As published in

Elections in February 2026 marked the start of a new era for Bangladesh, as the country moved from interim administration to an elected government with a renewed policy mandate. In his first address to the nation, Prime Minister Tarique Rahman set out priorities centred on economic revival, depoliticising institutions and the rule of law, while also pledging equal rights for all citizens and greater inclusivity. “We have to ensure good governance,” Rahman said. “We want to have an economy where everyone, based on their qualifications and merit, can do business, trade and thrive.”
That encapsulates Rahman’s wider message that the next stage of development will depend on expanding opportunity and creating a more competitive business environment. Prior to the election, Rahman set a target of creating 10 million new jobs through comprehensive reforms in banking, insurance and capital markets, increased domestic and foreign investment and revitalised regional economies. “Key sectors have been identified, and specific strategies have been formulated to create new employment opportunities,” he said. In conjunction with initiatives to support growth in areas ranging from traditional products to content creation, it signals an administration seeking to use its political momentum to engineer a broader economic reset.

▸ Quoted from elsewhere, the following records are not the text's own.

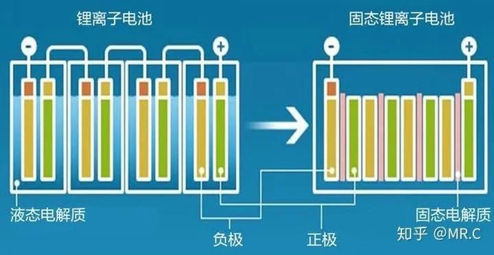 在提高电池能量密度的同时,电池的安全性是不得不考虑的问题。从根本上消除锂离子电池的安全隐患仍在于电池材料安全性的提高。但对于正极材料,这两方面是矛盾的。比如,前面已经讲到,提高镍含量能够提高能量密度,但是镍含量提高意味着安全性降低.有什么办法从别的方面加强电池的安全性,从而更放心的提升能量密度呢?这时候就要从电解质角度考虑了。大量研究表明,液态电解质参与了电池热失控过程的大部分反应,并极大降低了电池的初始反应温度,也就是让热失控的门槛变得更低。所以提髙电解质安全性是实现电池安全的最有效方法之一[3]。液态电解质的物理特性决定了其始终无法避免泄露,同时也不利于缩小电池体积从而提髙能量密度,因此为了提高能量密度和安全性,电解质的固态化就成了趋勢。多宝电竞把电极和电解质均为固态的电池称为固态电池。固态电池电芯内部不含液体不仅安全性更高,还可实现先串并联后组装,减少了封装壳体用料,PACK设计大幅简化,这也提高了电池成组后的能量密度。
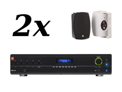 Zestaw przeznaczony jest do nagłośnienia powierzchni nie przekraczającej 30 m². W skład zestawu wchodzą: 2 kolumny naścienne AMC iPLAY 5T oraz wzmacniacz JBL VMA 160
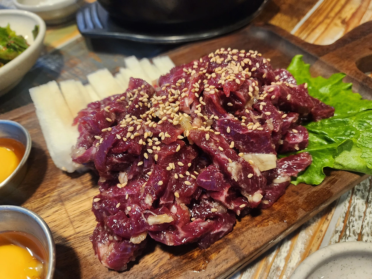 또 사장이 멋진 성우톤 목소리로 메뉴를 소개하니 나름 웃기기도 학고 진지하기도 했다. 사장님 추천으로 일단 육회를 먼저 시켰다.
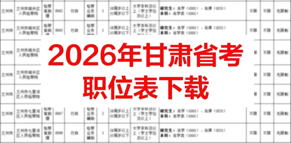 2026年甘肃省考职位表
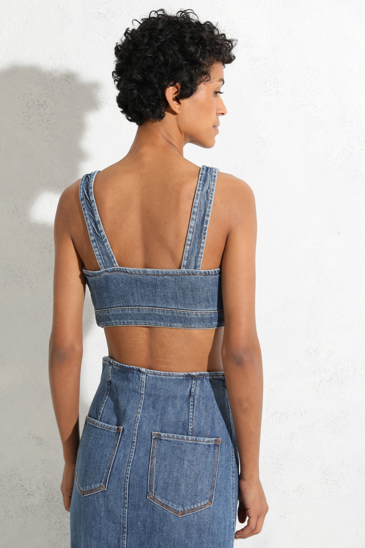 Top cropped in denim
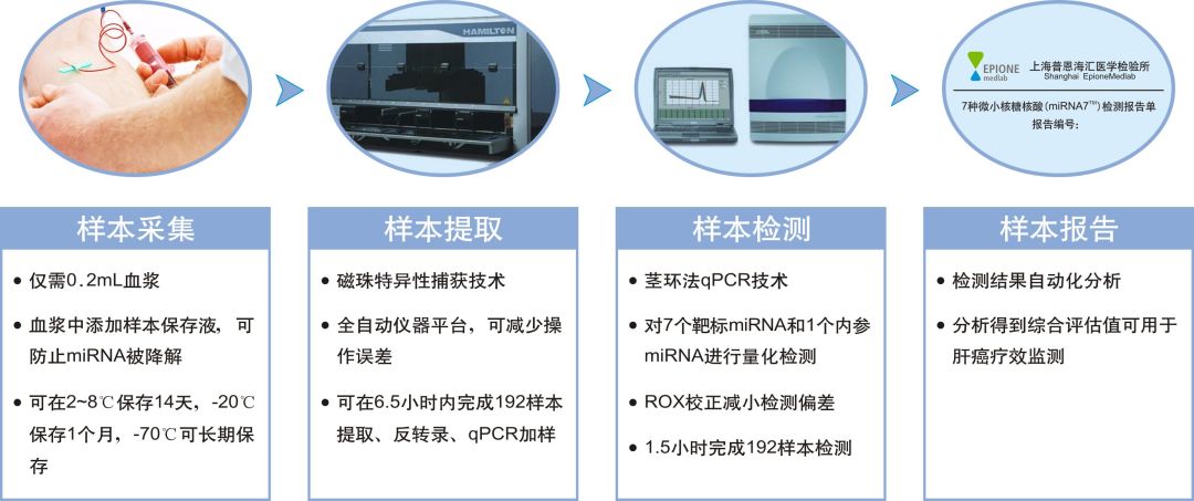 磁珠特异性捕获技术可有效将7种靶标miRNA从血浆中提取(miR-21,miR-26a,miR-27a,miR-122,miR-192,miR-223,miR-801)。茎环结构引物设计的qPCR技术可完成7种miRNA的量化检测。配合全自动化荧光PCR平台完成全部操作,确保检测正确。
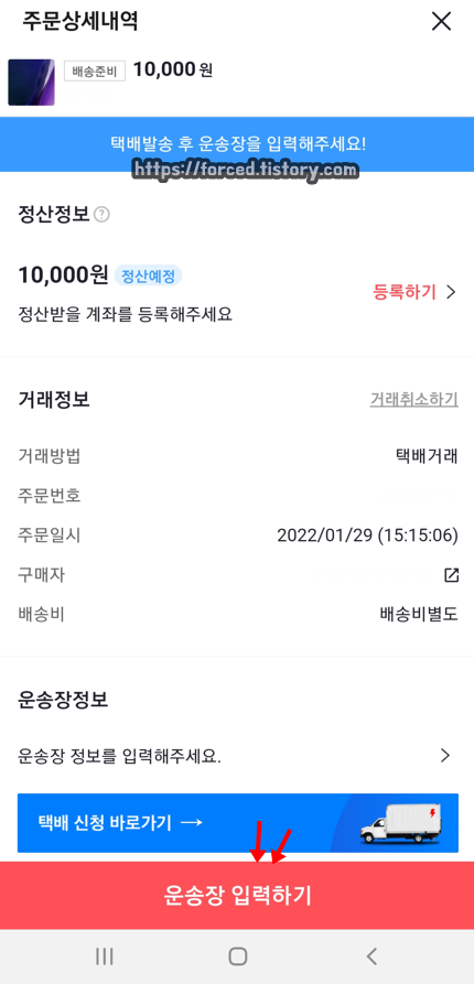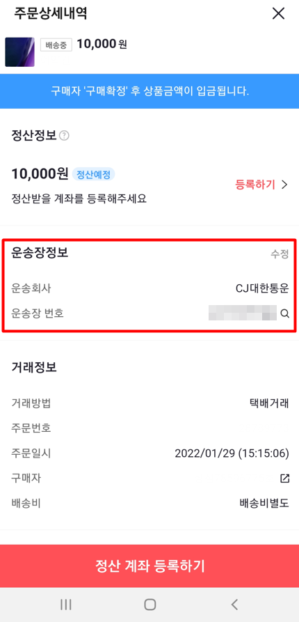 운송장 정보 입력을 완료했다면, 아래에 보이는 '정산 계좌 등록하기'를 눌러줍니다.
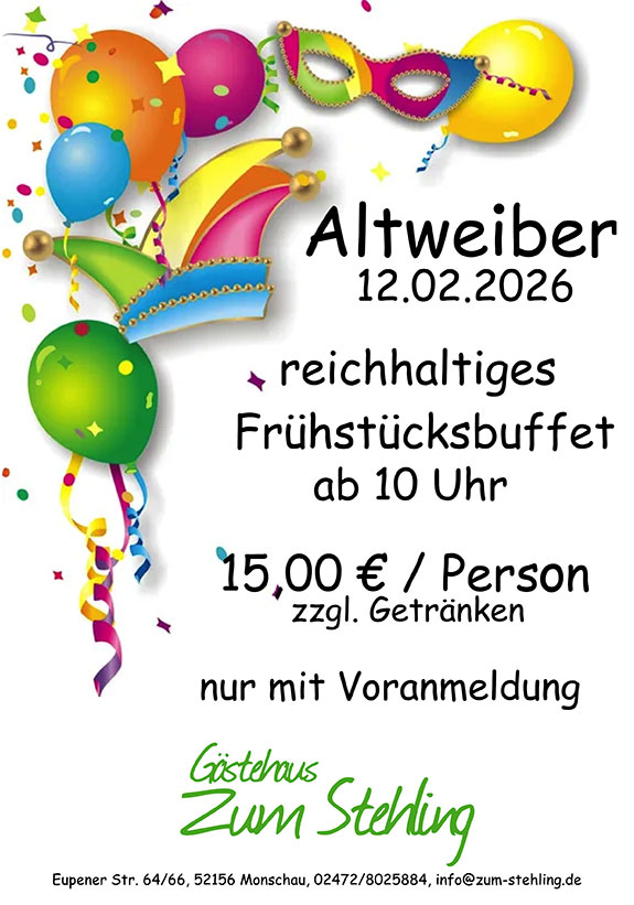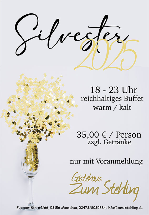 31.12.2025: Restaurant ab 15.00 Uhr geöffnet, abends bieten wir ein Buffet für 35,00 € / Person an, Voranmeldung erforderlich!
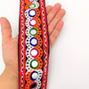 The embroidery on this trim is called Zardozi, an exclusive type of embroidery that is done by hand. Zardozi comes from two Persian words: zar or zarin meaning 'gold', and dozi meaning 'sewing'. Zardozi is a type of heavy and elaborate metal embroidery on a silk, satin, or velvet fabric base.
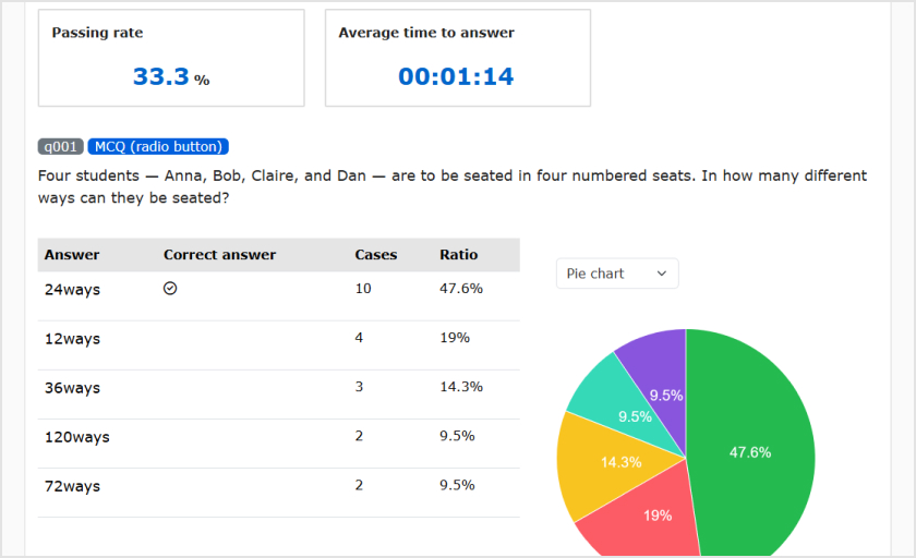 Answers can be viewed graphically and numerically for each question.
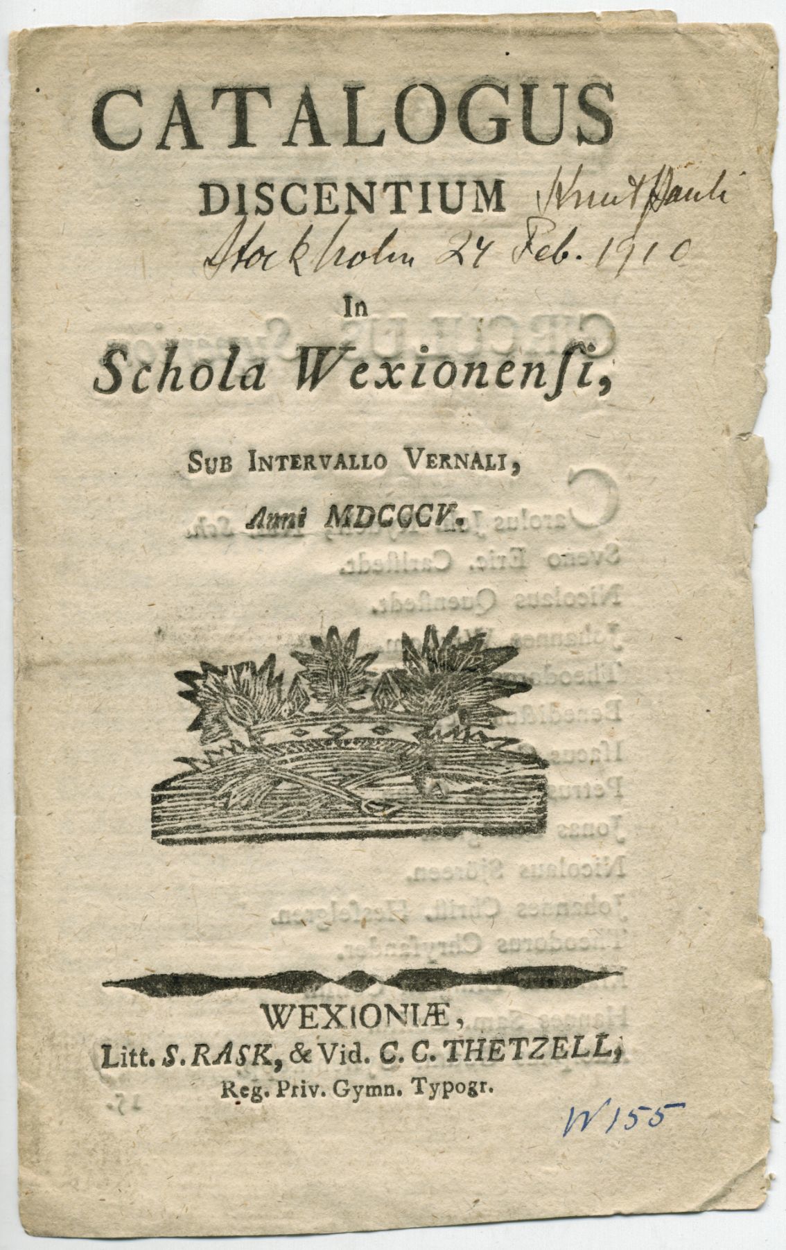 Catalogus discentium in schola Wexionensi, sub intervallo vernali anni MDCCCV.
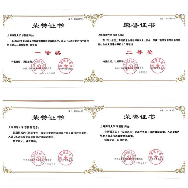 上海海洋大学马克思主义学院董玉来教授第四次入选上海市高校思想政治理论课名师工作室(2022-2024)主持人,青年教师李佳薇获2022年度上海高校思想政治理论课教师教学大比武《习近平新时代中国特色社会主义思想概论》课程一等奖,青年教师祝叶飞获《毛泽东思想和中国特色社会主义理论体系概论》课程二等奖,李玉铭、李佳薇分别撰写的案例《“窑洞之问”的两个答案》《解码十年:母亲河重新焕发勃勃生机》入选2022年度上海高校思想政治理论课精彩案例。

The government’s agenda also speaks to the priorities of Bangladesh’s business sector. Grameenphone is the country’s largest telecoms operator, serving 86 million customers, and its largest foreign investor. As the company engages in a comprehensive transformation programme, CEO Yasir Azman emphasises that a stable regulatory environment is crucial to long-term confidence. “We have rebuilt the organisation to be more forward-leaning and digital-centric,” he says. “That transformation requires belief in the country, society and the regulatory environment. We believe in Bangladesh and its potential, and our long-term commitment is forward-looking.”
As a reform-led agenda takes shape, Bangladesh is also putting greater emphasis on its international economic relationships. The UAE is already a key partner and significant investor, particularly across energy, ports and infrastructure. In February 2025, the Dubai-Bangladesh Business Forum highlighted bilateral trade of around $2 billion in FY2024 – a figure the UAE has previously targeted to reach $10 billion by 2030. In February 2026, UAE Ambassador to Bangladesh Abdulla Ali AlHmoudi reaffirmed the growing strategic partnership between the two countries, following discussions centred on accelerating talks on a Comprehensive Economic Partnership Agreement.

That fits a broader shift in how Bangladesh is positioning itself within regional and global markets. With its traditional strengths in export-led manufacturing, the country is increasingly seeking to build momentum in higher-value segments including logistics, energy, infrastructure and digital services. Upgrades in transport connectivity and urban infrastructure, together with a large and youthful workforce, are pillars of efforts to diversify the economy.
That mix of traditional strengths and new entry points is reshaping how Bangladesh presents itself to international partners. The emphasis is now on execution, as policymakers look to turn rhetoric into results. In a country combining market scale with a renewed economic roadmap and growing external engagement, the next chapter is set to be defined by success in mobilising those strengths. “Bangladesh is at an inflection point,” says Azman. “It is no longer only about potential, but increasingly about value creation.”
Bangladesh’s prime minister aims to turn stabilisation into growth, prioritising investor appeal.
Prime Minister Tarique Rahman has made streamlining entry for investors a national priority. In May he directed senior officials to simplify the approval process for investment projects, while pushing to increase loans to facilitate private investment in government factories. That aligns with his previously outlined strategy to attract higher levels of local and international capital. “We will pursue prudent deregulation, improve the ease of doing business and foster a competitive environment that attracts responsible investment,” he said in March. “Our goal is to unlock the full potential of our people and the private sector.”

The International Monetary Fund’s (IMF) April 2026 report on Bangladesh points to both the challenges and long-term appeal of one of South Asia’s largest economies. The IMF estimates Bangladesh’s GDP at $511 billion – ranking second in the region, behind India – with growth forecast to reach 4.7% in financial year 2026. That outlook comes against a backdrop of moderating inflation, rising foreign-exchange reserves and a reform agenda aimed at improving transparency, competition and private-sector participation.
Net foreign direct investment rose 39% in 2025 to $1.77 billion but was largely driven by activity from existing overseas firms. The government aims to build on that figure by drawing new investment across a broader range of sectors. Textiles and garments remain the dominant destination, but pharmaceuticals, telecommunications and the digital economy are all areas of growing interest internationally.
With opportunities arising across the economy, renewable energy is an area of particular focus. Trailing its neighbours in renewables adoption, the Merchant Power Policy opens Bangladesh’s energy supply to the private sector through corporate power purchase agreements, while a rooftop solar programme targeting 3,000MW of new capacity and a new PPP framework opening public land to large-scale solar projects aim to significantly boost generation. With Gulf investors already active in Bangladesh’s energy and infrastructure sectors, the scale of the transition – solar capacity is projected to reach 8.5GW by 2035 – represents a significant pipeline of opportunity.